===== Excerpted records =====

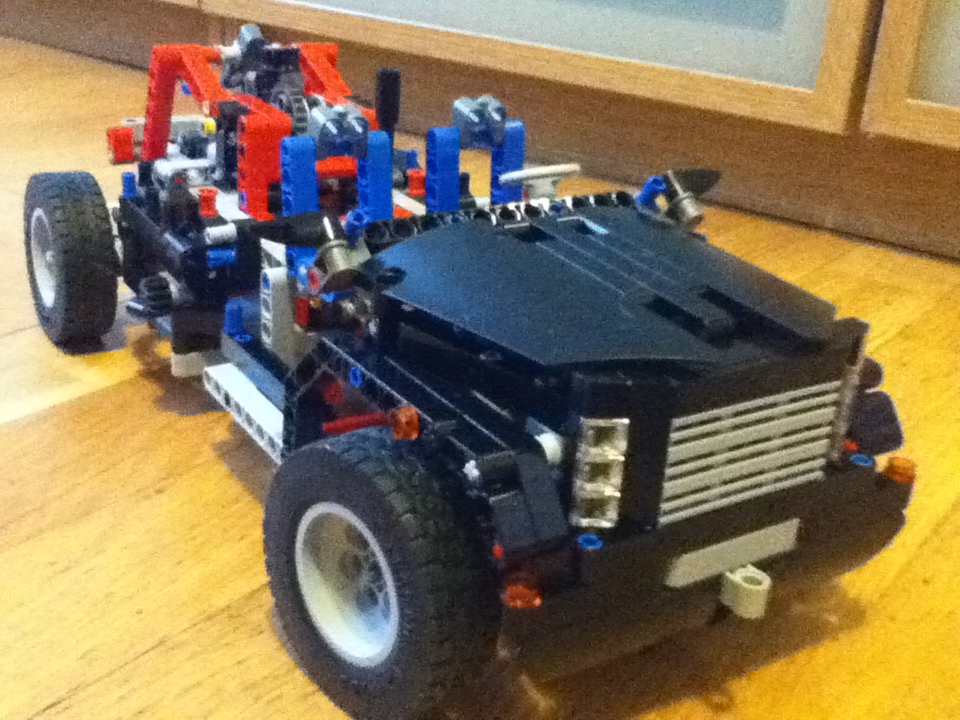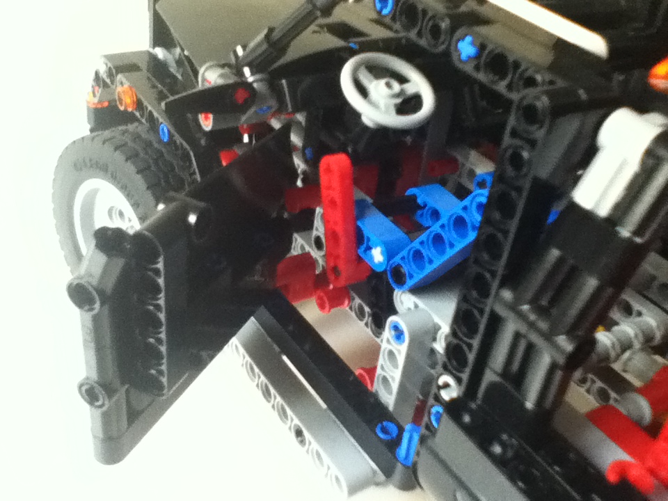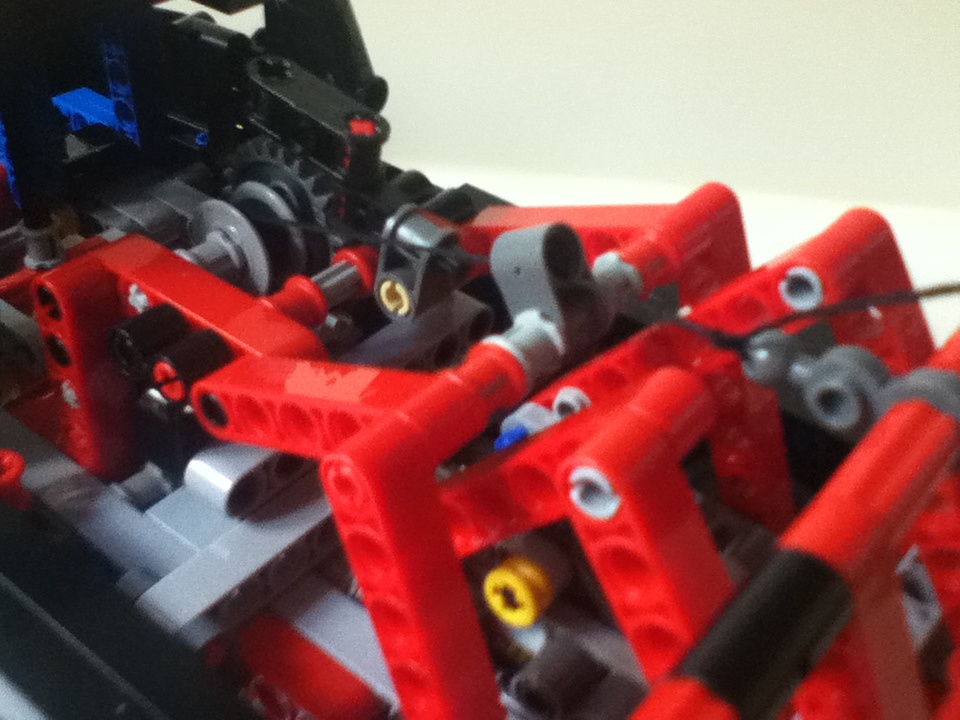 La construccion comienza de una manera interesante. Como es habitual en technic se empieza a construir desde dentro hacia fuera. Al finalizar el primer libro ya tenemos colocado el falso motor y el sistema de giro. (Siento la calidad de esta ultima foto  :E)
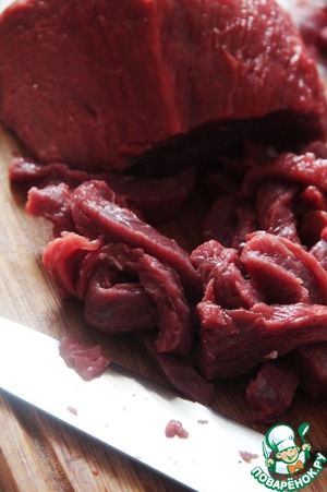 Говядину (очень важно брать мягкую часть - вырезку или мякоть) нарезать тонкими ломтиками.
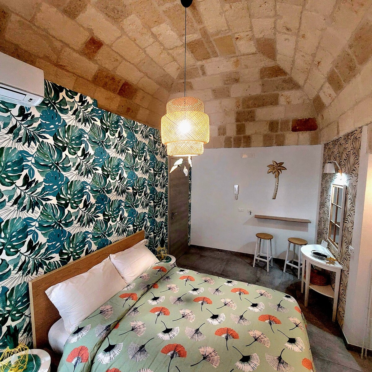 Suite Tropical | Center Near Train · Large Shower (Piano 1) Camera indipendente al primo piano, ideale per giovani coppie. Dotata di angolo cottura completo con accessori, aria condizionata, Wi-Fi gratuito e doccia spaziosa con finestra. Tema tropicale con verde e foglio oro, carta da parati stile tropicale. Parcheggi gratuiti vicini (max 10 min a piedi). Consigliata per soggiorni di 4-7 notti, perfetta per vacanze più lunghe in centro.
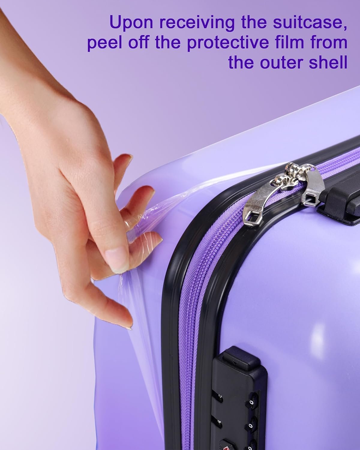 Extra Protection:The suitcase hard shell has a protective plastic film that keeps the suitcase in good condition after use
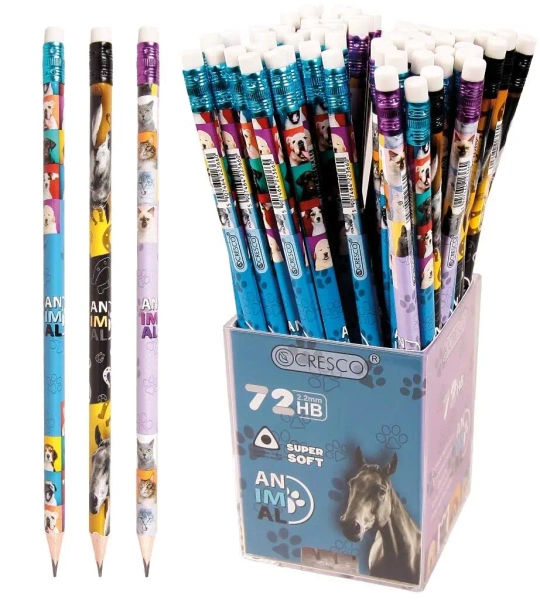 Ołówek ANIMAL HB z gumką: twardość HB, ergonomiczny trójkątny kształt, odporny na łamanie, ciekawa zwierzęca grafika. W opakowaniu 72szt
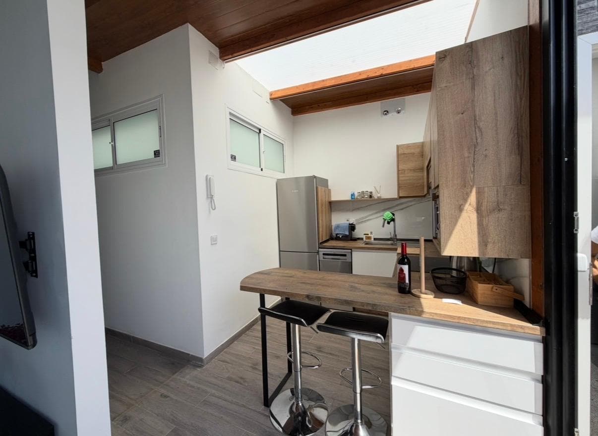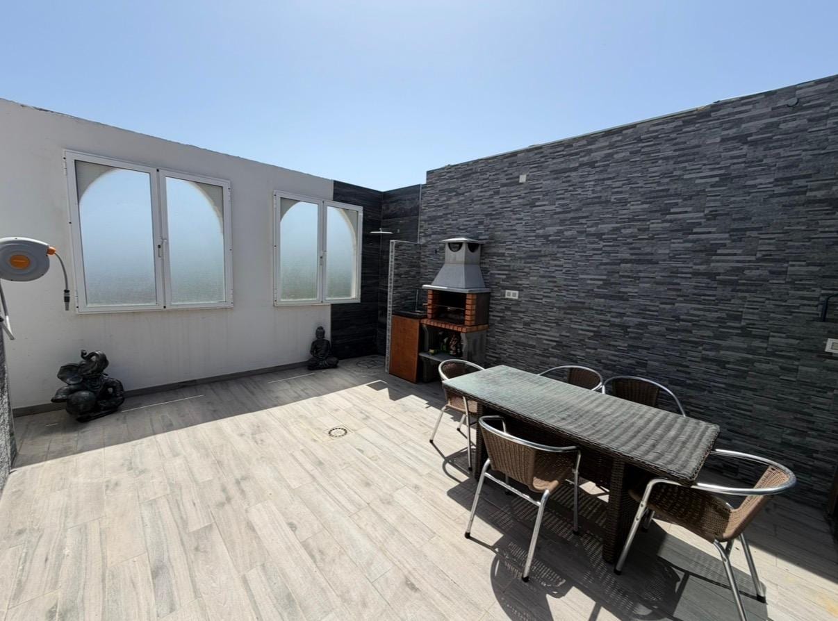 Enjoy a private covered terrace, perfect for relaxing in the evenings. The home is in a very quiet neighborhood, ideal for unwinding. La Laja Beach is just 1 km away, Las Canteras Beach is 9 km away, and the historic Vegueta old town is 4.5 km away. The Mirador and Las Terrazas Shopping Center are 4 km away. Department stores, supermarkets, and the main bus station for easy public transport access are just 1 km away.
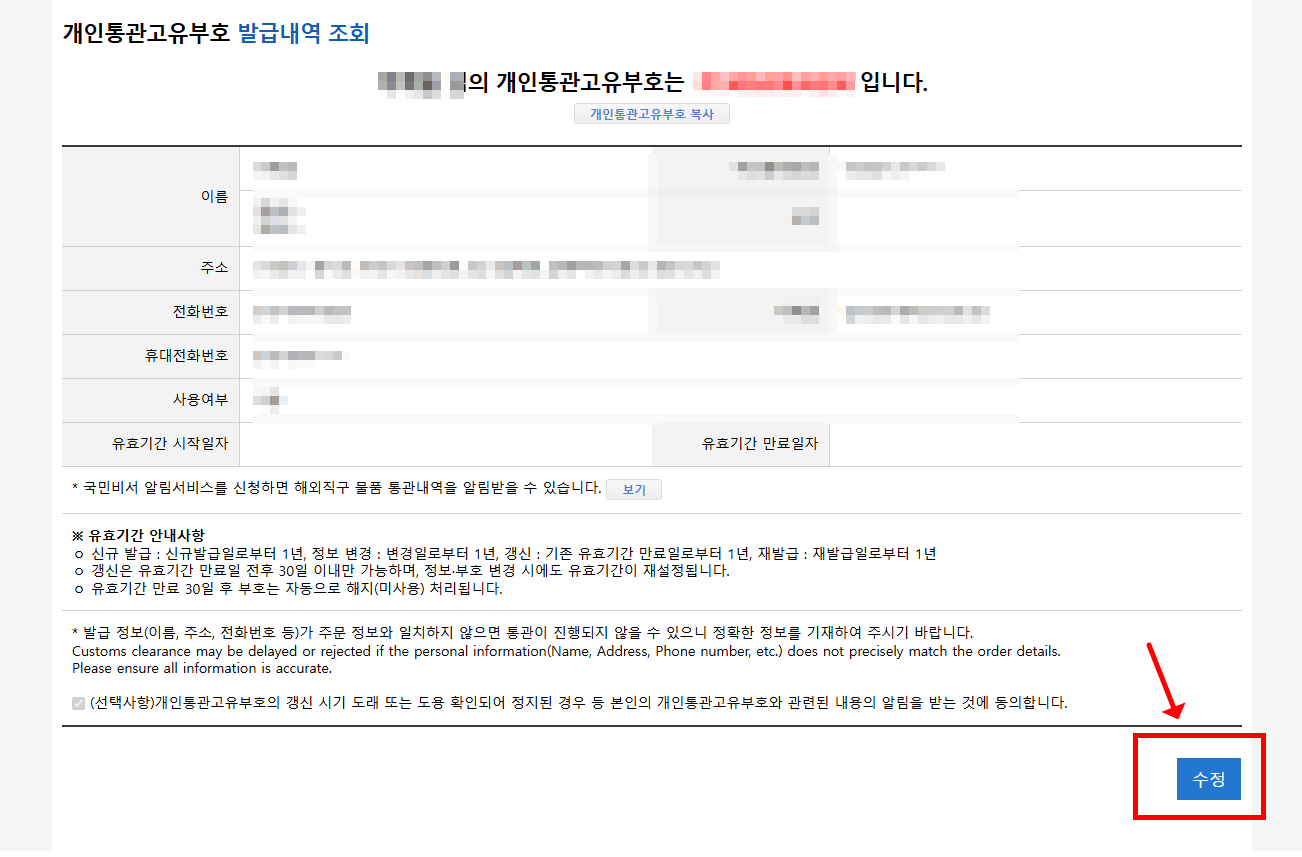 - 배송 중 변경 금지: 현재 해외에서 오고 있는 직구 물품이 있다면, 통관이 완료된 후에 변경해야 합니다. (통관 진행 중에 번호를 바꾸면 정보 불일치로 배송이 지연되거나 폐기될 수 있습니다.)
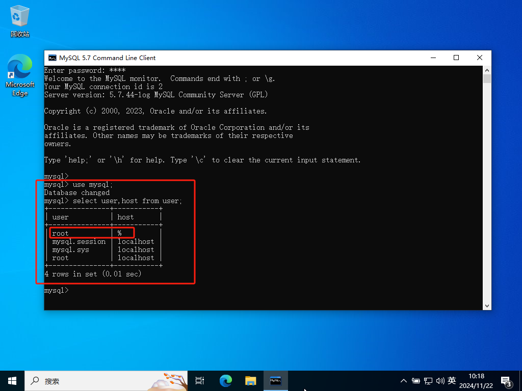 如上图所示,登录新 MySQL 成功。此外,登录信息还显示目前的版本号为 5.7.44 。
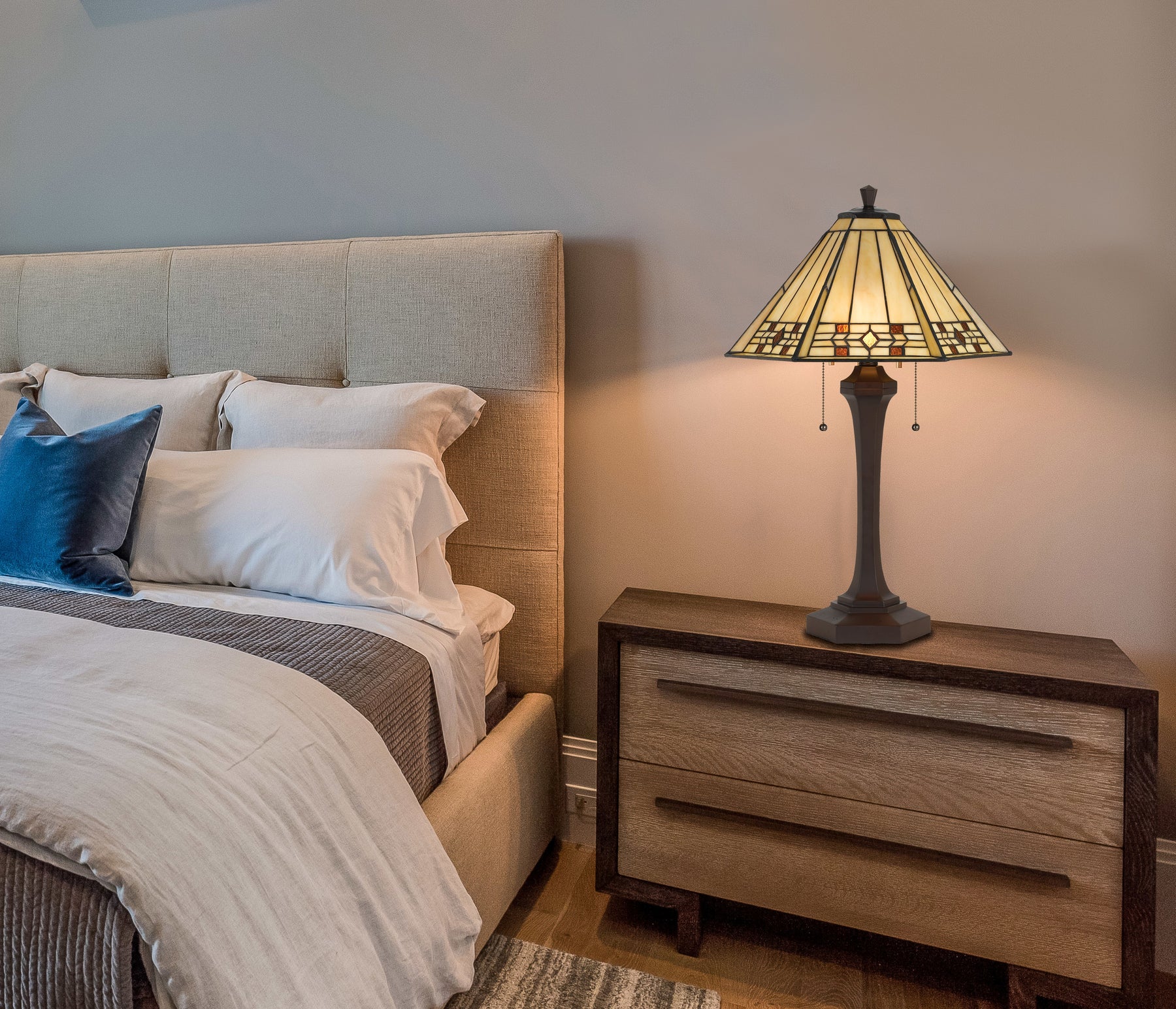 The BO-2676TB Tiffany Table Lamp is a stunning addition to any room, combining durability and elegance. With a height of 26 inches, this lamp features a robust resin construction in a sleek matte black finish, complemented by a beautiful stained glass Tiffany shade. It provides dual lighting options with its double socket style, requiring two E26 base bulbs, each with a maximum wattage of 60W. The convenient pull chain mechanism allows for easy operation, making it both functional and stylish. This lamp ships in one carton and requires assembly, providing a perfect balance of sophistication and practicality.
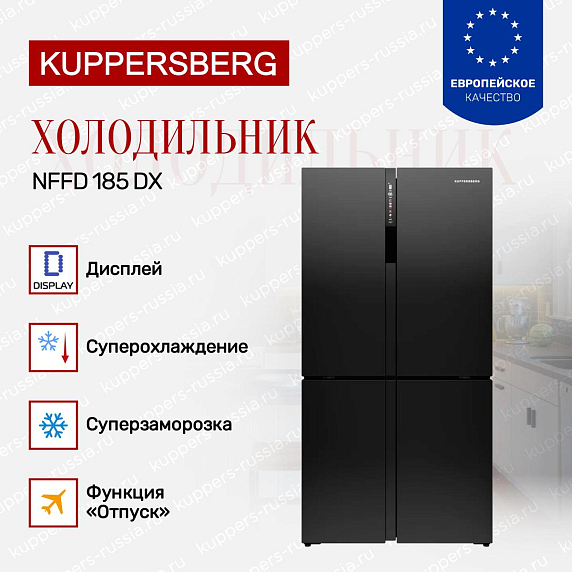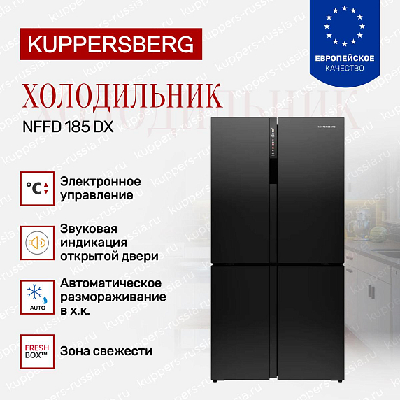 Side-by-side холодильник Kuppersberg NFFD 185 DX — это воплощение современного дизайна и передовых технологий в одном устройстве. Его четырехдверный корпус выполнен в элегантном черном цвете, который гармонично впишется в интерьер любой кухни, придавая ей стиль и изысканность. Высота 183 см, ширина 91,1 см и глубина 62,1 см обеспечивают оптимальное размещение в помещении, сочетая вместительность и компактность. Благодаря продуманной конструкции и качественным материалам, корпус отличается прочностью и долговечностью, что гарантирует долгий срок службы.
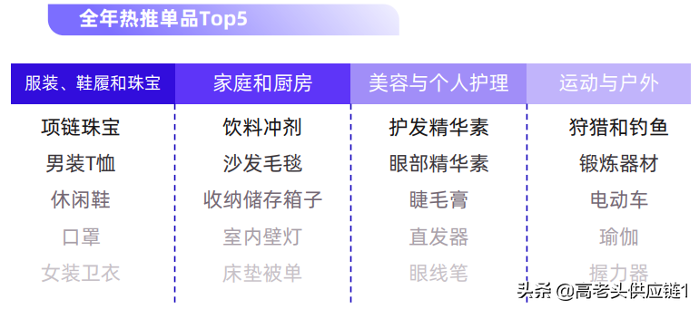 美妆类热推单品有睫毛膏、美甲油、唇釉、眼霜和粉底,价格在$20~$50区间多。个人护理类热推产品主要有卷发棒、护法液、面膜、眼部精华液和牙套,价格在$20~$50区间多。
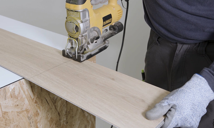 KROK 7: Docinanie podłogi Vinyl FlexAby ukończyć montaż podłogi, w pewnym momencie konieczne będzie przycięcie pięknych paneli Vinyl Flex. Załóż rękawiczki i użyj ołówka, aby narysować linie cięcia. Zawsze przycinaj panele za pomocą wklęsłego noża i narzędzia do montażu paneli winylowych oraz upewnij się, że powierzchnia dekoracyjna jest skierowana do góry. |
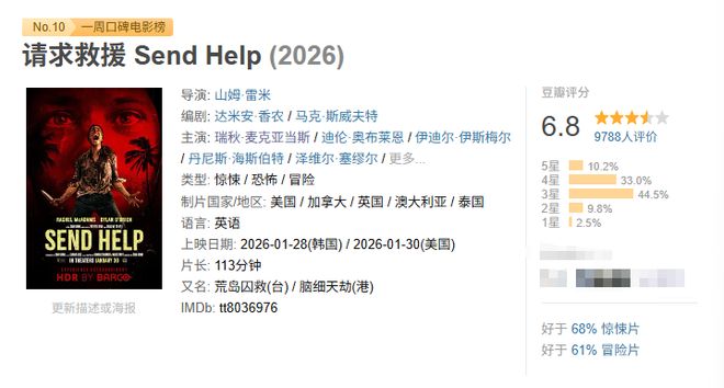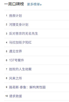 最后,还是例行附上一周豆瓣口碑榜的完整榜单:
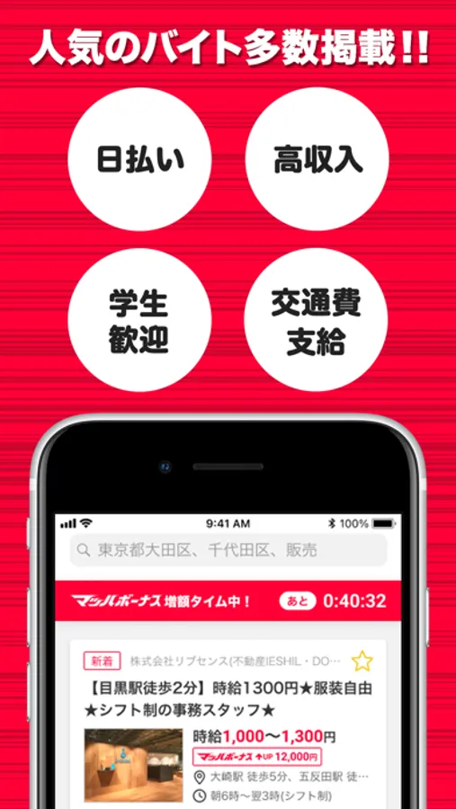 アルバイト、パート探し、ダブルワークのアプリをすぐにお祝い金もらって始めるならマッハバイト。
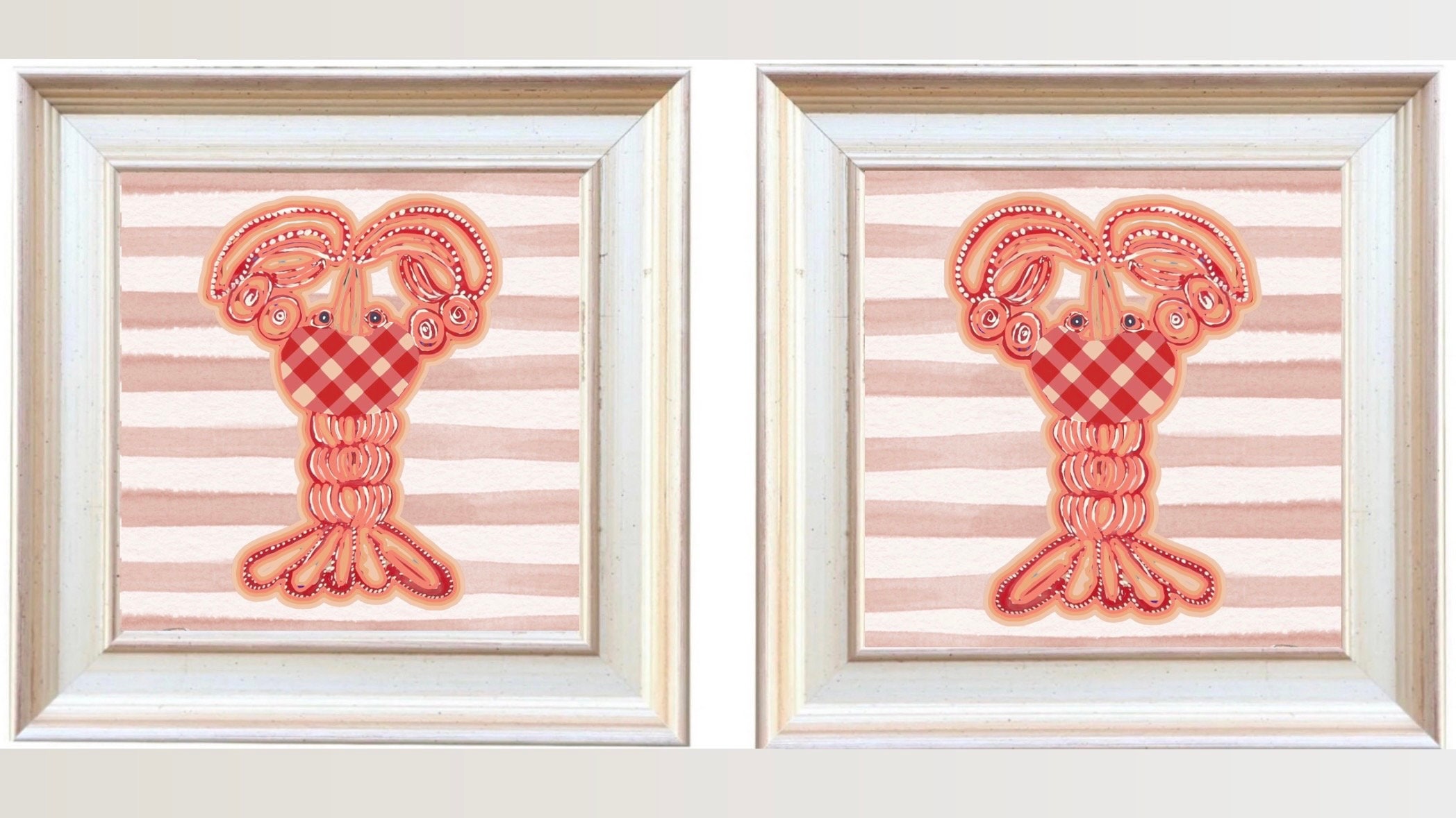 This listing is for the pair of fine art paper lobster prints on striped background. The prints are printed on heavy-weight, acid free, matte paper at 10x10 image size. Each print is signed on the back by me, the artist.

=====

> **Brief**:
Would you please repeat only the lines above, beginning at the one that has "Enjoy a private" and stopping after the one that has "如上图所示,登录新 MySQL 成功。此外,登录信息还显示目前的版本号为", exactly and with no pictures?

> **Solution to this task**:
 Enjoy a private covered terrace, perfect for relaxing in the evenings. The home is in a very quiet neighborhood, ideal for unwinding. La Laja Beach is just 1 km away, Las Canteras Beach is 9 km away, and the historic Vegueta old town is 4.5 km away. The Mirador and Las Terrazas Shopping Center are 4 km away. Department stores, supermarkets, and the main bus station for easy public transport access are just 1 km away.
 - 배송 중 변경 금지: 현재 해외에서 오고 있는 직구 물품이 있다면, 통관이 완료된 후에 변경해야 합니다. (통관 진행 중에 번호를 바꾸면 정보 불일치로 배송이 지연되거나 폐기될 수 있습니다.)
 如上图所示,登录新 MySQL 成功。此外,登录信息还显示目前的版本号为 5.7.44 。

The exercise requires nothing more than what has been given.